Thanks for this information. It is similar to my situation which I am working on documenting. I am about to hit 60 and done working. My monthly income will be approximately $4k interest/dividend from my 401K and approximately the same amount from from a non-retirement account for a total of $8k. For my retirement funds from work I have the option of a lump sum rolled over into an IRA or a monthly payment. This decision will be deferred for a couple months and made after I submit my visa application but from a financial perspective I am inclined to take the lump sum. I have other funds in a HSA and will recieve a health care supplement from my employer of $7K a year until I am 62 and in 2 years I'll draw SS. Finally I will have funds from the sale of my house.

I am ready to submit my visa application and have been thinking on how to document my finances. My plan is to submit statements from my 401k and other investments accounts documenting my income and from my HSA but I am not clear on how to document my work retirement money since I'll be deferring that decision. I will have a pension estimate showing the amounts I would receive. Would that suffice? My house wouldn't be sold until after my visa application is submitted but before my final move so I have nothing to declare there. Finally, I don't plan on taking distributions from any of my accounts for a couple of years as my living expenses will be covered by the proceeds from the sale of my house but I do understand that documenting monthly income trumps total assets.

I would appreciate any feedback on my approach. I am trying to determine if there might be any major issues that would require me to rethink it before submitting my visa application.


----------



## Bevdeforges

Hang onto any letters or documents that estimate your pension payments (as income) - those are the sort of thing they're looking for, even if you plan on living off savings of one variety or another for the first year or two. It won't hurt to have documentation about your account balances, or the valuation of the house you're planning on selling - just to back up your plans.


----------



## TomMM

Bevdeforges said:


> Hang onto any letters or documents that estimate your pension payments (as income) - those are the sort of thing they're looking for, even if you plan on living off savings of one variety or another for the first year or two. It won't hurt to have documentation about your account balances, or the valuation of the house you're planning on selling - just to back up your plans.

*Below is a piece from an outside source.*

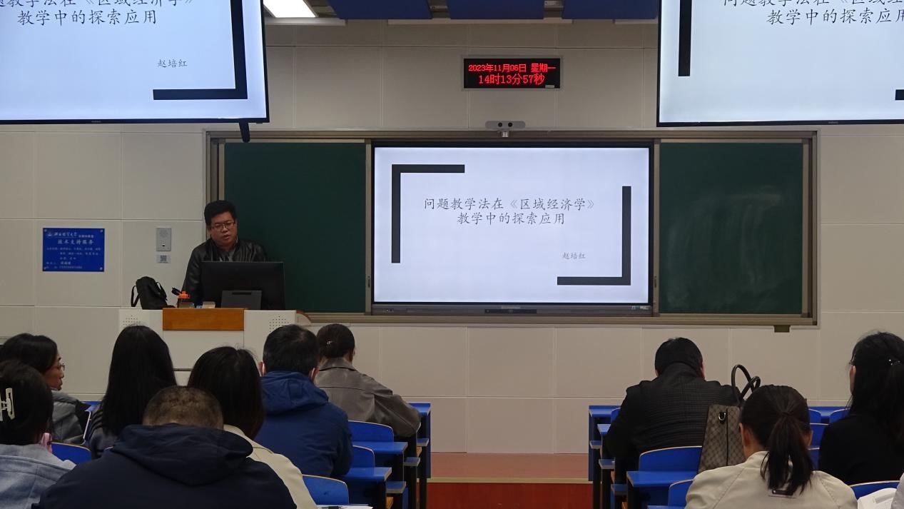 2023年11月6日下午,商学院在北三教B102教室举办了题为《问题教学法在〈区域经济学〉教学中的探索应用》教学沙龙活动。沙龙活动由经济学系赵培红老师主讲,教学副院长单海鹏主持,全校40余名教师参加。

Thank you. When submitting account statements would the summary page showing balance/income suffice or should I provide the entire statement? The monthly statements from my 401K and investment accounts are 20+ pages each. Not sure if they want to see every transaction or just the summary.


----------



## Bevdeforges

Probably just the summary - but basically your appointment with VFS is to allow them to review your file and make sure that they have everything they need. The usual recommendation is to bring a few "extra" documents that you could pull out of your briefcase to add to your folder should they ask.


----------



## TomMM

Thanks again.


----------